In the embodiment of the application, after the background server acquires the battery pack data of the vehicle, the characteristic analysis is performed on the battery pack data. Specifically, if the battery pack data of the vehicle is fault data, various characteristics are shown, a preset diagnosis period (for example, 1 day) is set, and all the battery pack data of the vehicle in the preset diagnosis period are analyzed. If the battery pack data without the characteristics is normal data; if the battery pack data with the characteristics is the fault data, it is further determined whether the battery pack sends a leak in the case of the fault data, and a specific leak determination process will be explained in the following embodiments.

In the embodiment of the application, characteristic analysis is mainly performed on indexes such as temperature data of the battery pack, voltage data of the battery pack and insulation value of the pure battery pack state, and whether the battery pack data is fault data or not is judged according to a characteristic analysis result.

It should be noted that, in the existing design of an electric vehicle, the insulation value feeds back the insulation resistance value of the whole high-voltage loop, and the insulation value of a pure battery pack state is needed for judging the leakage of the battery pack. The whole loop in the charging state comprises a part of the charging pile, and the driving state comprises all high-voltage loop states of a battery pack system, a motor control system comprising an inverter and the like. The present application treats this state, in which the vehicle is just powered on and the relay is not connected to the motor controller, as the battery only state. That is, the pure battery pack state needs to satisfy three conditions simultaneously: the vehicle state is a running state, the charging state is a non-charging state, and the motor controller voltage of the vehicle does not reach the battery voltage.

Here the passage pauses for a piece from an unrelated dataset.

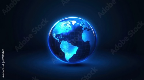 Fototapeta premium A glowing blue globe representing Earth with a dark background, symbolizing...

The mode of determining the insulation value of the pure battery pack state is as follows: as a system of the electric vehicle, an insulation value of a high voltage circuit of the vehicle is stored in the battery pack data. When the vehicle is powered on, if the voltage data of the motor controller is far smaller than the voltage data of the battery pack, the insulation value of the high-voltage loop of the vehicle can be regarded as the insulation value of the pure battery pack state, and the insulation value can be used for battery pack leakage analysis.

In the embodiment of the application, due to the leakage of the battery pack, the moisture entering can cause the abnormality (namely fault data) of the battery pack data, such as temperature data abnormality, voltage data abnormality and insulation value abnormality inside the vehicle. The fault data identification and characteristics described in table 1 are specific examples, and other battery pack conditions need to be adjusted accordingly according to specific states. The fault data signature is shown in table 1 below:

TABLE 1 Fault data feature identification Table

And S130, under the condition of the fault data, determining the fault type of the battery pack data, and determining the frequency of the fault type in a preset diagnosis period.

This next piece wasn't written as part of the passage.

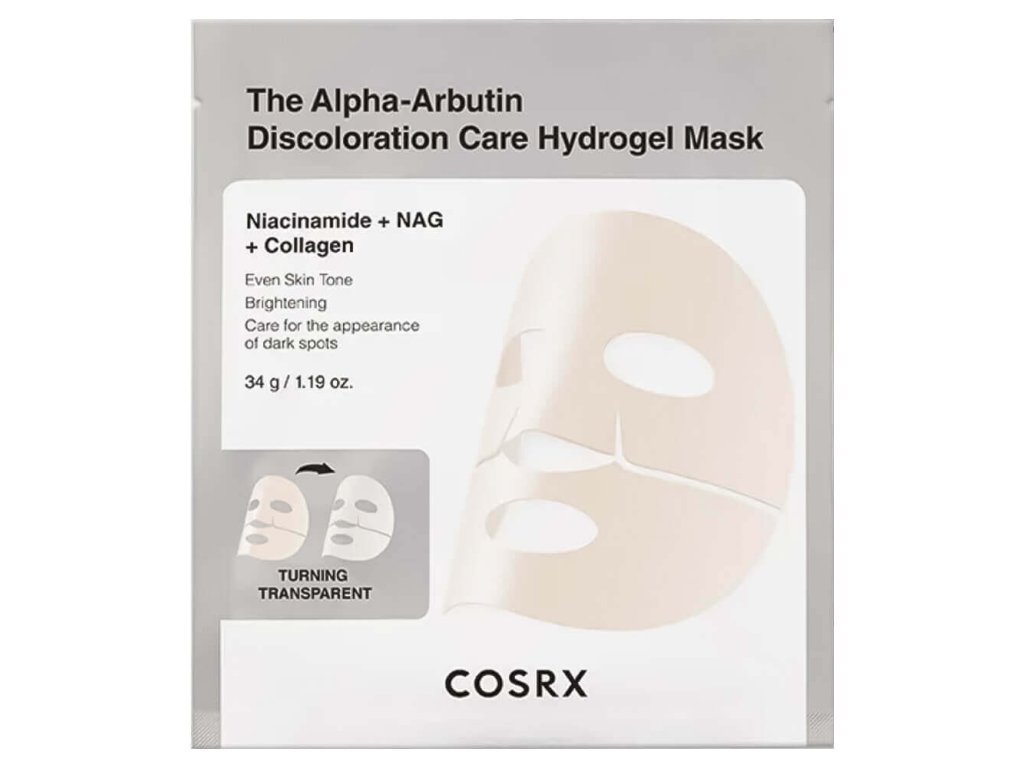 COSRX The Alpha-Arbutin Discoloration Care Hydrogel mask - rozjasňující hydrogelová maska s Alpha-Arbutinem

In the embodiment of the present application, after determining that the battery pack data is the failure data through the above steps, it is further determined whether the battery pack transmits a leak through S130 to S150. In this step, when the battery pack data is fault data, the battery pack data is specifically analyzed in a preset diagnosis period to determine a fault category to which the battery pack data belongs, and a ratio of the number of frame data corresponding to the fault category to the total number of the frame data in the preset diagnosis period, that is, a frequency of occurrence of the fault category in the preset diagnosis period is determined. Alternatively, the fault category may be for one battery cell, such as whether only temperature data is abnormal, only voltage data is abnormal, or both temperature data and voltage data are abnormal for one battery cell; the fault category may also be for a circuit abnormal condition, such as whether a circuit abnormal condition in a battery pack is an open circuit or a short circuit.

And S140, determining the insulation abnormal ratio of the battery pack according to the insulation value of the battery pack in the current diagnosis period and the insulation value of the battery pack in at least one historical diagnosis period.

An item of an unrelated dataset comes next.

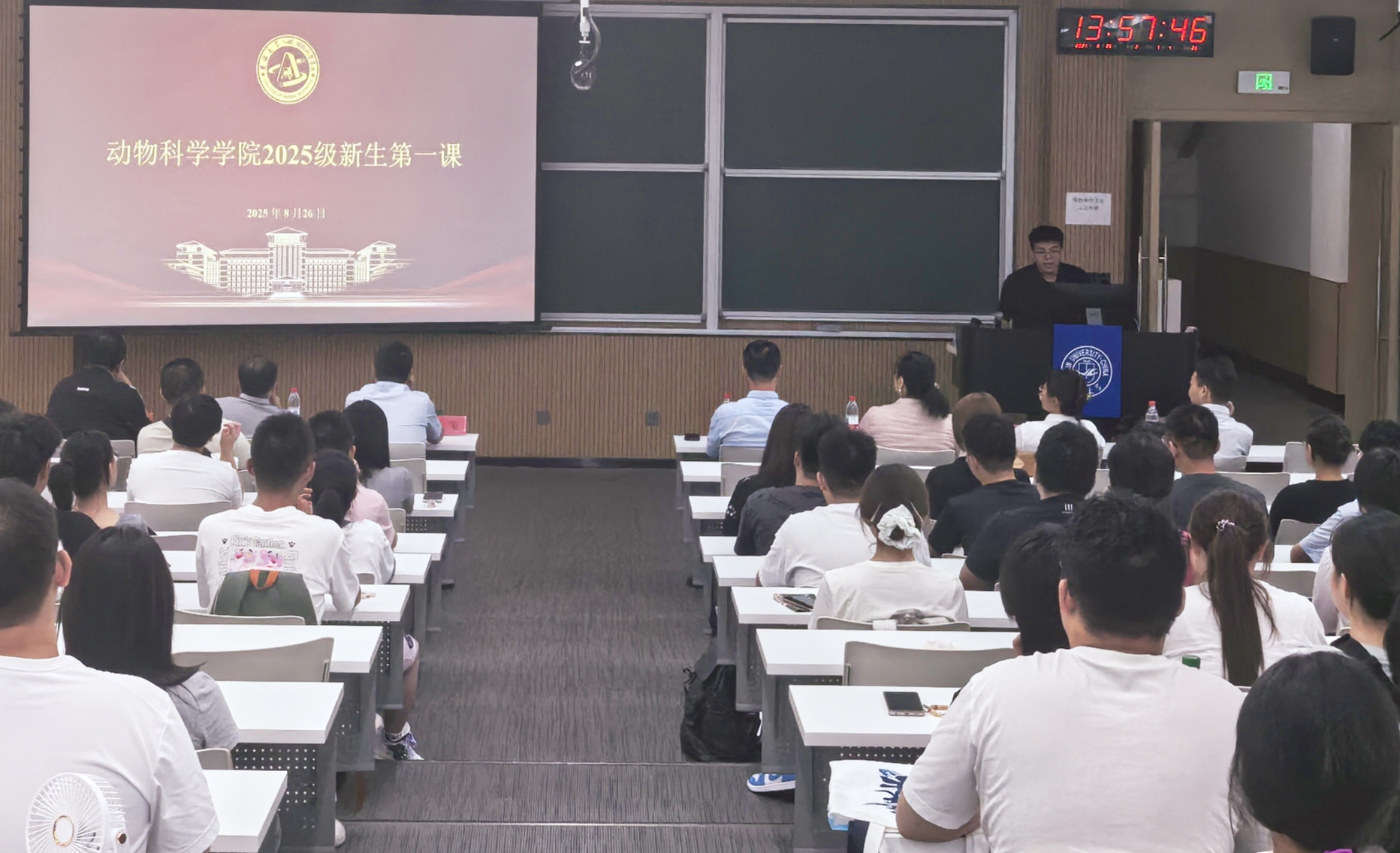院长孙博兴老师以“动物科学的殿堂”为题,开篇便抛出 “如何用科技破解‘人畜争粮’‘养殖污染’等行业难题” 的思考。他结合“楼房养猪”等快节奏、集约化、智能化养殖标杆案例,详细解读了立体养殖模式在土地集约利用、生物安全防控、环境精准调控等方面的技术优势 —— 通过温湿度自动控制系统维持猪舍恒定环境,利用物联网设备实时监测畜禽健康指标,借助粪污资源化利用技术实现 “养殖-种植”循环,让新生深刻理解“智慧教学”与“智慧牧业”的深度联动。“动物科学早已不是传统认知中的‘养猪喂牛’,而是融合了生命科学、信息技术、工程技术的交叉学科,”孙博兴院长强调,“希望同学们既能扎根专业理论学习,也能关注产业一线需求,成长为懂技术、善创新、能落地的复合型人才。”

In the embodiment of the present application, whether the battery pack leaks or not needs to be analyzed, and optionally, the insulation abnormal condition of the battery pack may be represented by an insulation abnormal ratio of the battery pack. Specifically, one battery pack data corresponds to one frame data, so that all battery pack data in a preset diagnosis period comprises a plurality of frame data, each battery pack data packet has an insulation value of the battery pack, a characteristic value (such as an average number or a median number) of the insulation value of the battery pack in the current diagnosis period is calculated, a characteristic value of the insulation value of the battery pack in the previous diagnosis period is calculated, a difference value (namely a difference between the insulation values of the battery packs) of the battery packs is calculated, and finally the difference value of the insulation values of the battery packs is divided by the characteristic value of the insulation value of the battery pack in the current diagnosis period to obtain an insulation abnormal ratio of the battery pack.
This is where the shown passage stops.